Abstract
Community detection is a branch of network analysis concerned with identifying strongly connected subnetworks. Social bookmarking sites aggregate datasets of often hundreds of millions of triples (document, user, and tag), which, when interpreted as edges of a graph, give rise to special networks called 3-partite, 3-uniform hypergraphs. We identify challenges and opportunities of generalizing community detection and in particular modularity optimization to these structures. Two methods for community detection are introduced that preserve the hypergraph's special structure to different degrees. Their performance is compared on synthetic datasets, showing the benefits of structure preservation. Furthermore, a tool for interactive exploration of the community detection results is introduced and applied to examples from real datasets.
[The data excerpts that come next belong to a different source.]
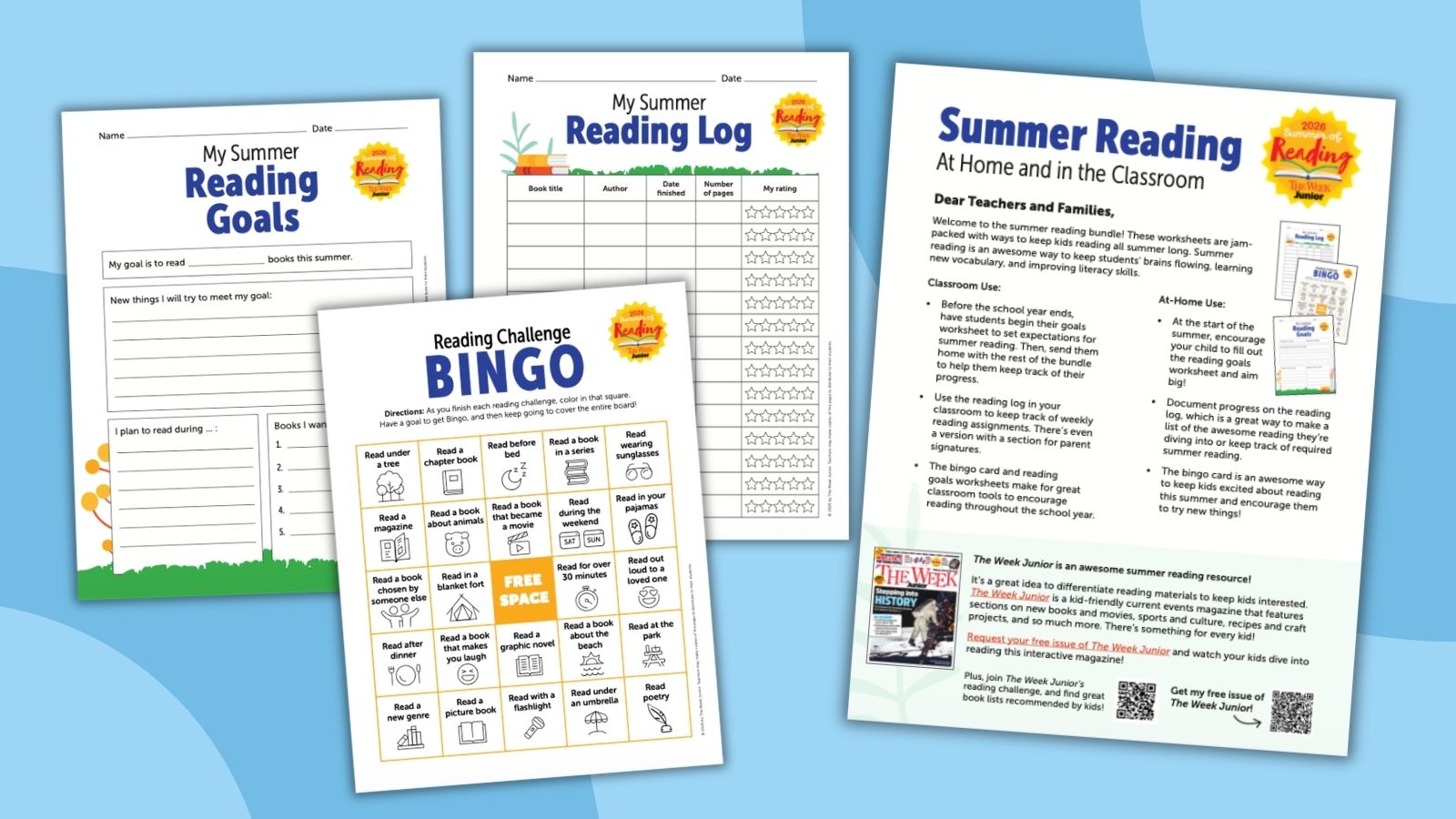 Summer reading is one of the most effective ways to help kids retain knowledge and continue building skills outside the classroom. It supports vocabulary growth, reading stamina, and literacy development, all while helping kids become lifelong readers. Together with The Week Junior, we’ve created a bundle that includes a summer reading log, bingo challenge, and goals worksheet that are great tools to keep kids reading both inside the classroom and at home.
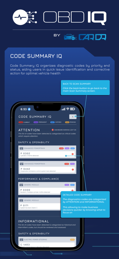Code Summary IQ helps users understand the severity of issues and take the necessary steps to maintain vehicle safety and performance.
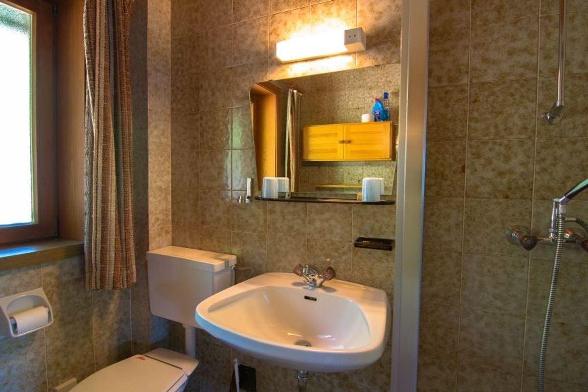 Das Badezimmer verfügt über Dusche, Waschbecken, WC und einen E-Radiator. Der möblierte Balkon lädt zum Verweilen und Genießen der Kärntner Bergluft ein – ideal für Paare, Freunde oder kleine Familien, die eine ruhige, traditionelle Unterkunft suchen.
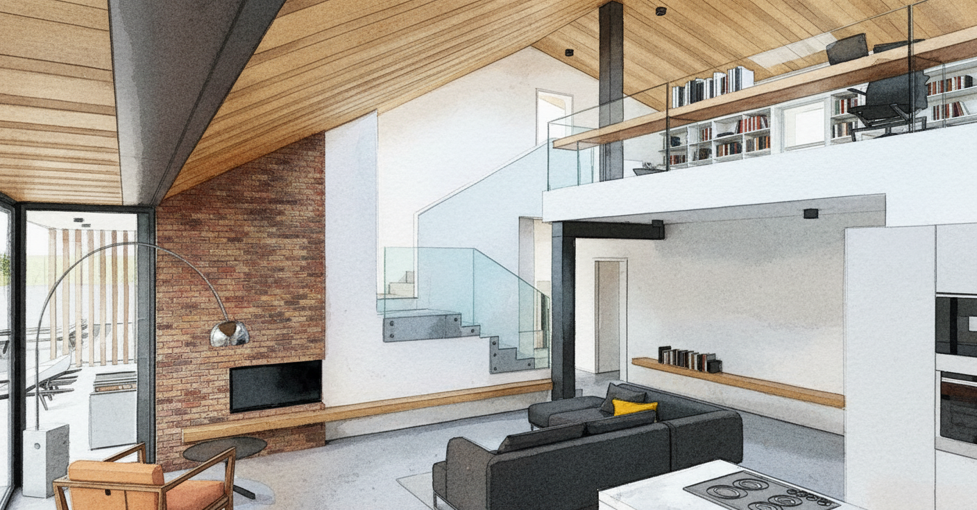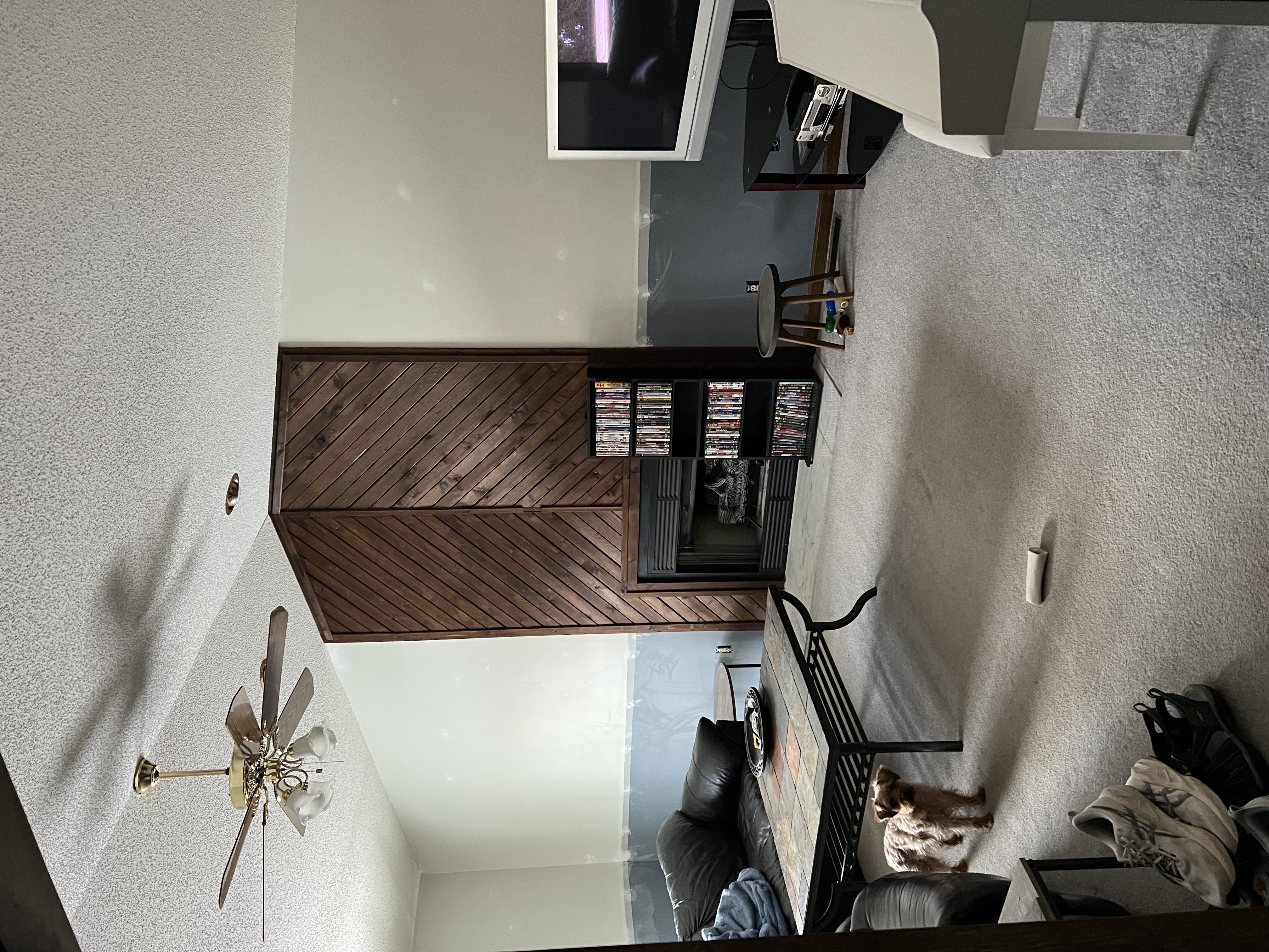 new urbanism interior shot a cozy living room with modern rustic charm featuring a rich wooden accent wall around a sleek black fireplace the ceiling is a soft white with a gold and wood ceiling fan walls are painted in white and dark brown a cream sectional is paired with a sophisticated coffee table with a wood accents accent room with distressed steel art a fluffy tan carpet complements the warmth of the room the lighting is warm and inviting creating a tranquil and homely atmosphere add subtle hints of greenery for freshness architecture
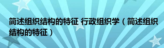 关于简述组织结构的特征 行政组织学,简述组织结构的特征这个很多人还不知道,今天菲菲来为大家解答以上的问题,现在让我们一起来看看吧!
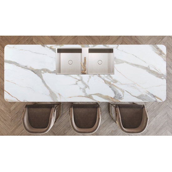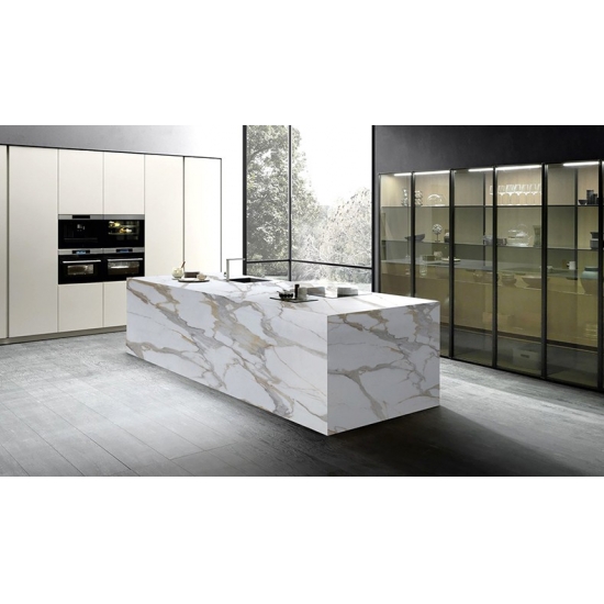 Кварцевая плита 7005 Calacatta Macchia Vecchia PD демонстрирует эффектный белый фон, дополненный выразительными угольно-серыми прожилками, создающими яркий контраст. Динамичные, замысловатые узоры создают мощный и художественный визуальный эффект. Эта плита воплощает в себе роскошь и современное великолепие, идеально подходящая для создания центрального элемента в изысканных интерьерах.
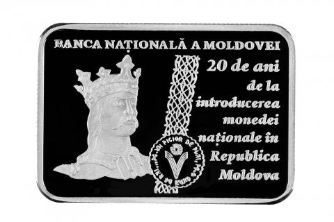 on the right side the inscription „20 de ani de la introducerea monedei naţionale în Republica Moldova” is engraved.
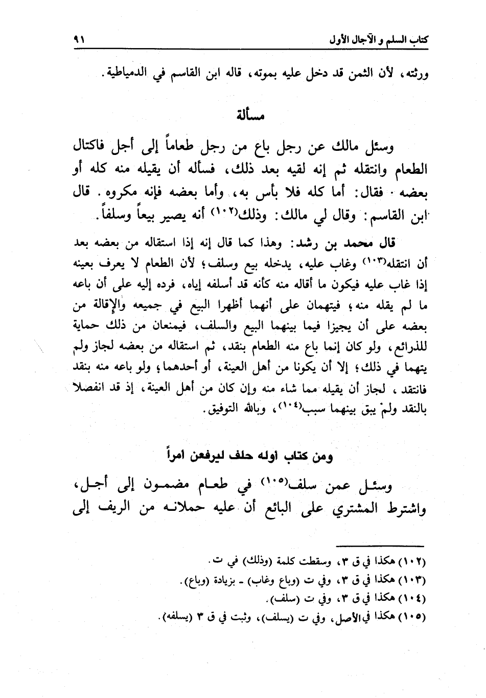 مسألة وسئل مالك: عن رجل باع من رجل طعاما إلى أجل فاكتال الطعام وانتقله، ثم إنه لقيه بعد ذلك، فسأله أن يقيله منه كله أو بعضه. فقال: أما كله فلا بأس به، وأما بعضه فإنه مكروه. قال ابن القاسم: وقال لي مالك: وذلك أنه يصير بيعا وسلفا.
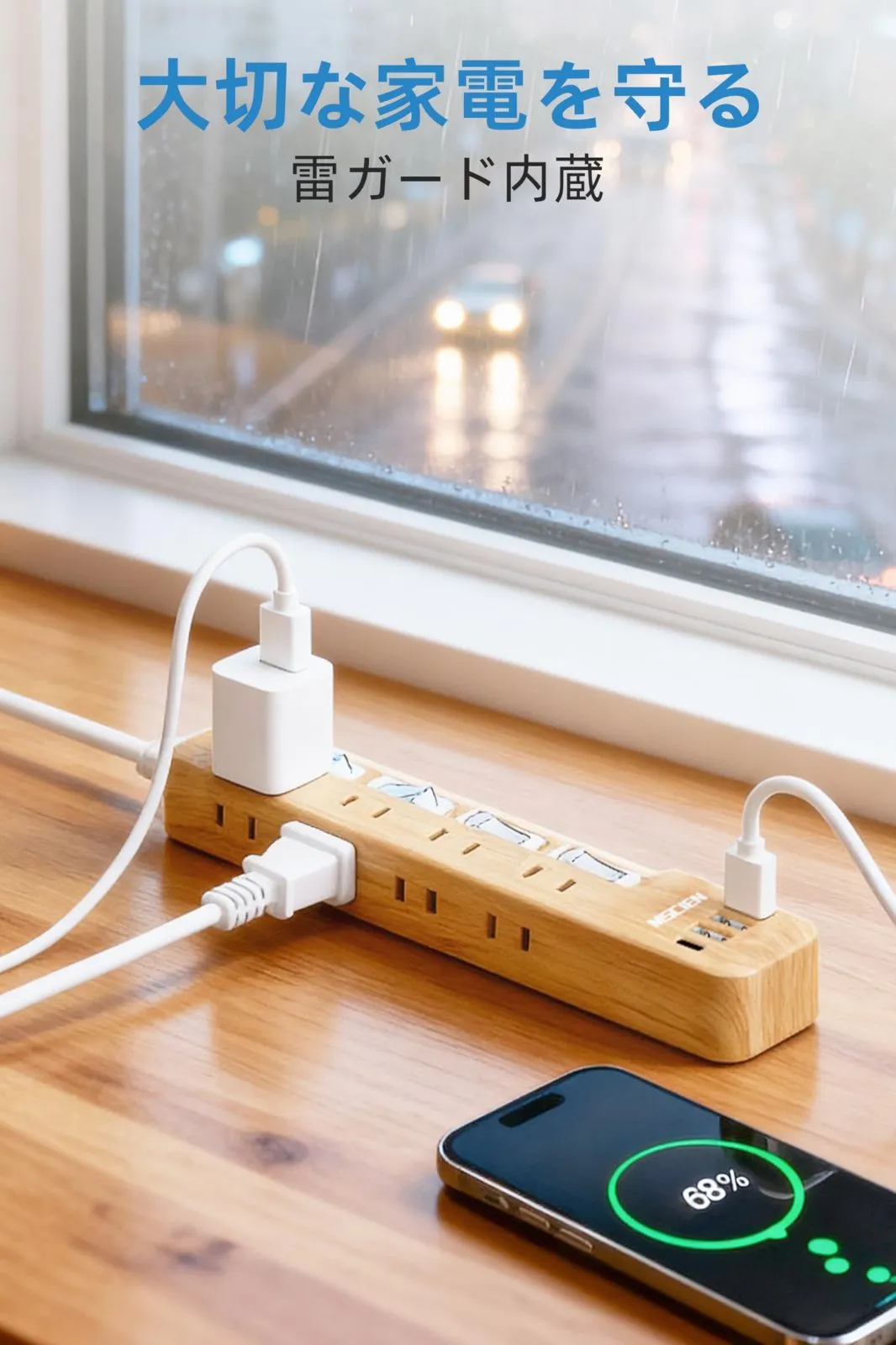 【安心】耐熱性に優れた材質が付いており、雷ガードを内蔵しており、雷サージによる家電への被害防止に役立ちます
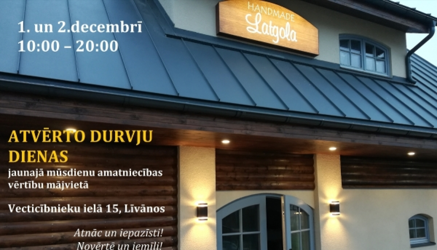Projekta “HANDMADE Latgola” komanda 1. un 2.decembrī 10:00 – 20:00 aicina ikdienu uz ATVĒRTO DURVJU DIENĀM jaunajā mūsdienu amatniecības vērtību mājvietā – Līvānos, Vecticībnieku ielā 15.
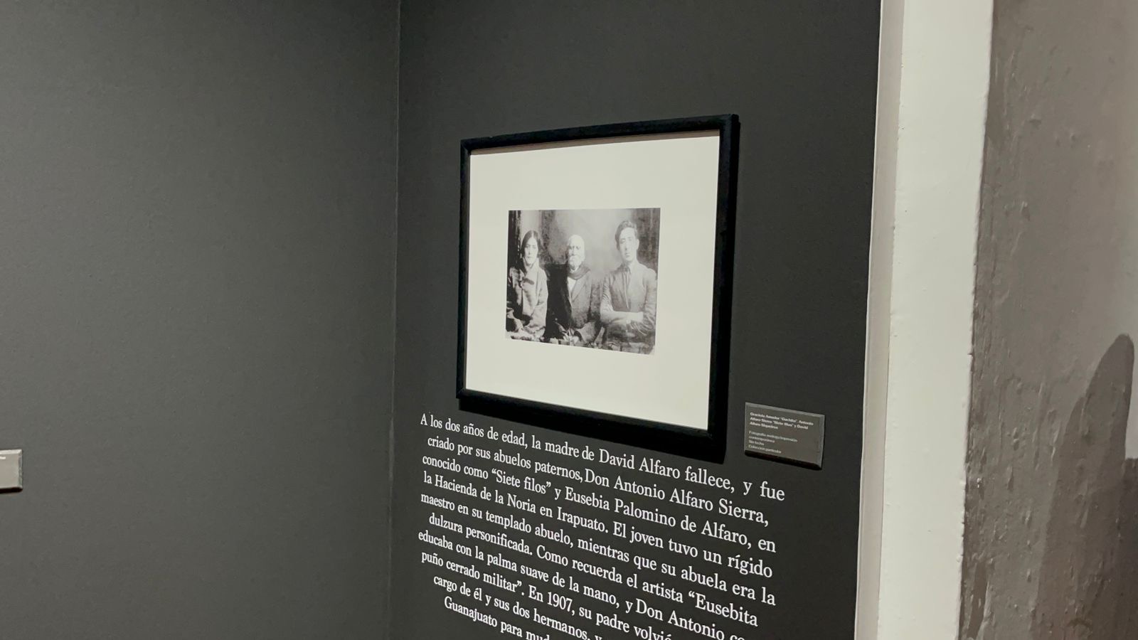 “Cuando Siqueiros tenía tan solo dos años de edad, muere su madre y pasa a ser criado por sus abuelos paternos, don Antonio Alfaro Sierra, conocido como ‘Siete Filos’ y Eusebia Palomino de Alfaro, en la Hacienda de la Noria en Irapuato”, relató.
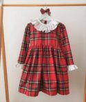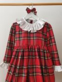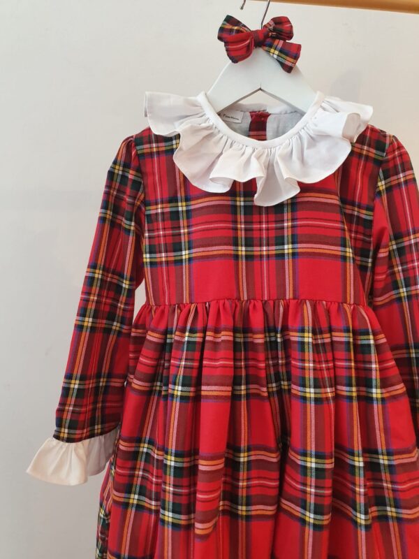 Vestido tartán rojo con cuello volante y mangas en algodón blanco.
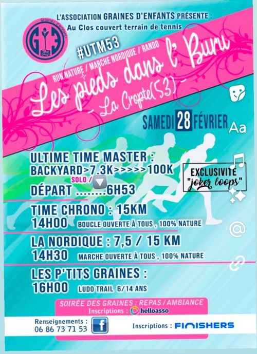 Les Pieds dans l'Buru est une course nature organisée à La Cropte, petit village de la Mayenne en Pays de la Loire. Elle propose plusieurs formats : trails chronométrés sur sentiers et chemins (dont une boucle d'environ 7 km), marche nordique, ainsi qu'une épreuve originale en boucles répétées (type Ultime Time Master). C'est l'occasion de courir ou marcher en pleine campagne mayennaise, dans un cadre rural et convivial. Venez participer pour le plaisir du mouvement, l'ambiance locale et le soutien à une cause associative. Une belle manière de commencer l'année en extérieur.

We find additional evidence for the importance of structure preservation and, more generally, demonstrate how tripartite community detection can help understand the structure of social bookmarking data.
Acknowledgements
The authors are indebted to Wendelin Böhmer for in-depth discussions and, in particular, his insistence on human-readable graphs. We thank Caimei Lu for providing the code of her tripartite clustering approach and Andreas König for the work on crawling Visualize.us. We also thank the anonymous reviewers for valuable remarks on an earlier version. The first author has been supported by the Integrated Graduate Program on Human-Centric Communication at Technische Universität Berlin. The research leading to these results has received funding from the European Community's Seventh Framework Programme [FP7/2007–2011] under grant agreement No. 21644 (PetaMedia).